- Born: Adam Frederick Cullen 9 October 1965 Sydney, New South Wales, Australia
- Died: 28 July 2012 (aged 46) Wentworth Falls, New South Wales, Australia
- Awards: Archibald Prize 2000 Portrait of David Wenham
- Patrons: Edmund Capon

= Adam Cullen =

Australian artist (1965–2012)

Adam Frederick Cullen (9 October 1965 – 28 July 2012) was an Australian artist, most known for winning the Archibald Prize in 2000 with a portrait of actor David Wenham. He was also known for his controversial subjects and his distinctive style, sometimes referred to as "grunge".

He is the subject of the feature film Acute Misfortune (2019), co-written, directed and produced by Thomas M. Wright, based on journalist Erik Jensen's 2015 biography of the artist, Acute Misfortune: The Life and Death of Adam Cullen.

== Early life ==
Cullen was born in Sydney on 9 October 1965. He graduated from the City Art Institute (now UNSW Art & Design) with a Diploma of Professional Art in 1987 and received a Master of Fine Arts from the University of New South Wales in 1999.

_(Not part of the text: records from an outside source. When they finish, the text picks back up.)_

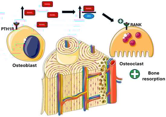 - Activating PTH1R on the osteoblastic surface stimulates RANKL (receptor activator of nuclear factor kappa-Β ligand) production and inhibits OPG (osteoprotegerin), thereby stimulating differentiation and osteoclastic activity [51].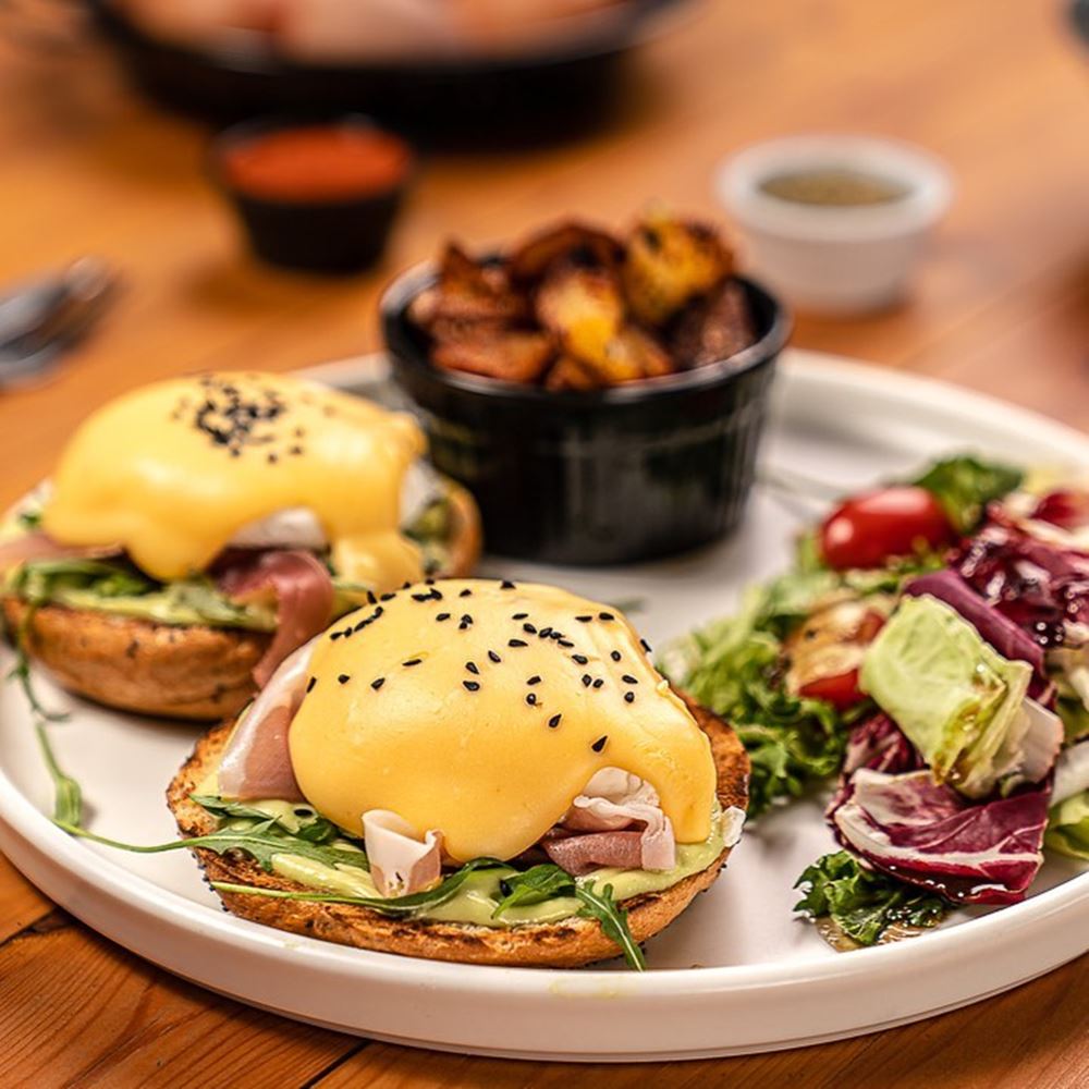Όταν η ελληνική γαστρονομία συναντάει μια διεθνή γευστική συνήθεια, τότε δεν έχεις παρά να μπεις στον πειρασμό και να δοκιμάσεις το αποτέλεσμα της μίξης. Στην καρδιά της Θεσσαλονίκης, σ’ ένα μοντέρνο και μίνιμαλ χώρο, το brunch αλλάζει επίπεδο. Με προτάσεις που δε θα συναντήσεις εύκολα, από το Egglish Breakfast και τις ζουμερές ομελέτες -προτείνουμε New Eggsperience ρολό ομελέτας σε κρέπα, την Oh my Cheese, τη Village και τη LuckyLuke- έως τα αβγά scrambled σε ψωμάκι μπριός και τα Benedict σε απίθανες παραλλαγές, όπως τα Millionnaire’s σε χειροποίητο English muffin με καπνιστό σολομό ή τα B-Eggin’ you σε bagel με κρέμα αβοκάντο, η παλέτα των γεύσεων σου επιφυλάσσει κάθε λεπτό και μια έκπληξη. Όπως και τα χορταστικά Γουάκα μάκα μόλε κοτόπουλο, Eggslut ή S-Eggs & Avo, αλλά και τα πεντανόστιμα bagels και club sandwiches, με αποκορύφωμα τα pancakes και τις αβγόφετες -είτε γλυκά είτε αλμυρά-, που μας θυμίζουν homemade goodies.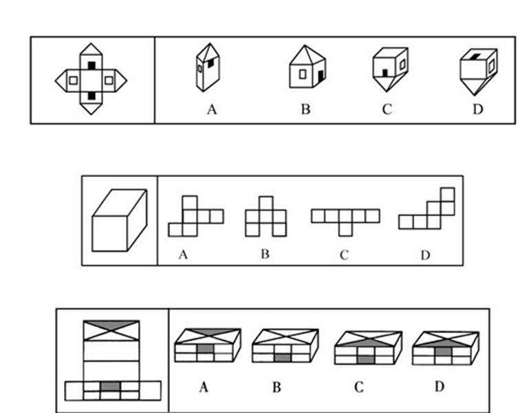 3.在右面的4个图形中,只有一个是由左边的纸板折叠而成。你需要选出正确的一个。

He was a cousin of the actor and artist Max Cullen.
==Career==
Cullen's home and studio was located at Wentworth Falls, in the Blue Mountains of New South Wales.

Cullen's work was exhibited in solo and group exhibitions both in Australia and internationally. Cullen was well-established as a Sydney "grunge" painter when he won the prestigious Archibald Prize for his portrait of actor David Wenham in 2000. In 2002 he represented Australia at the 25th São Paulo Art Biennial.

==Style and themes==

Cullen often employed the image of infamous and iconic Australian bushranger Ned Kelly in his artwork. He also portrayed the killers of 1986 murder victim Anita Cobby, and illustrated the underworld figure and convicted criminal Mark 'Chopper' Read's fairy tale book called Hooky the Cripple.

==Reception==
He has been described as one of Australia's most collectible contemporary artists.
==Prizes==
=== Archibald Prize ===
He entered the Archibald Prize at least nine times, was hung at least eight times, and won once, in 2000. He was a finalist in 1997, 1999, 2001-2004, 2006 (with his painting Edmund, depicting gallery director and art historian Edmund Capon), in 2011 and 2012.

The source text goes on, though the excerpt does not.